スタンドで斎藤は左ミドルを脇腹にヒット。続く右オーバーハンドと、ケラモフの右が交錯。ここで斎藤は頭を左下に傾けて打っているため、頭同士が当たっているようには見えない。公式動画とは異なる本誌カメラで確認したところ、その直後の首相撲の攻防で、ケラモフの頭が斎藤の顔に当たり、その後、瞼に切り傷が確認できる。
続けて左で差す斎藤にケラモフは右で小手に巻き、ロープに向けて払い腰! 5本ロープの3本目と4本目の間から転落する斎藤。その際に、3本目のロープにも顔を擦りつけた斎藤は、広いエプロンに尻を着いてからリング下に転落。立ち上がると、右瞼をカットしており、大きく出血した。

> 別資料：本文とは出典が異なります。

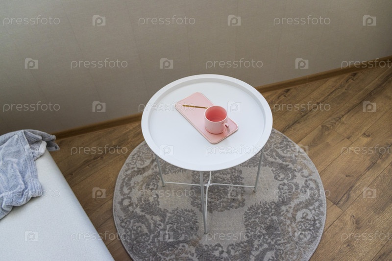 Журнальный столик с розовой чашкой для дам на нем. Концепция

「場所が悪かった。ロープに向かって投げられたら、そりゃ、行きます。ロープに引っ掛かってもちゃもちゃっと落ちたからダメージとかは無いですけど、でもあの時、落ちる前の接触でたぶん切れたと思うんですけどね。頭で切れたのか拳で切れたのか、スローで見たい。(リングに)戻る前には切れてたんで、アレと」
その後のダブルレッグで下になった斎藤は、ケラモフの傷口狙いの鉄槌後に、サミングを受けた。
会見では、「(血を)拭いているとき、ドクターチェックのときに『(有効打かバッティングか)どっちですか』と聞いていたんですが、僕の感じでは、拳じゃないような硬い感じがしたのですが、そのときは『拳じゃないか』というようなことは言われましたけど、ギリギリまで、止められるまでは、どっちにしてもやろうと思っていました。出血が結構あったので止まってくれて良かった。もう少しずっと出続けてていたら厳しかった。できれば(バッティングか拳か)明確にしてほしかったとは個人的には思います」とも語っている。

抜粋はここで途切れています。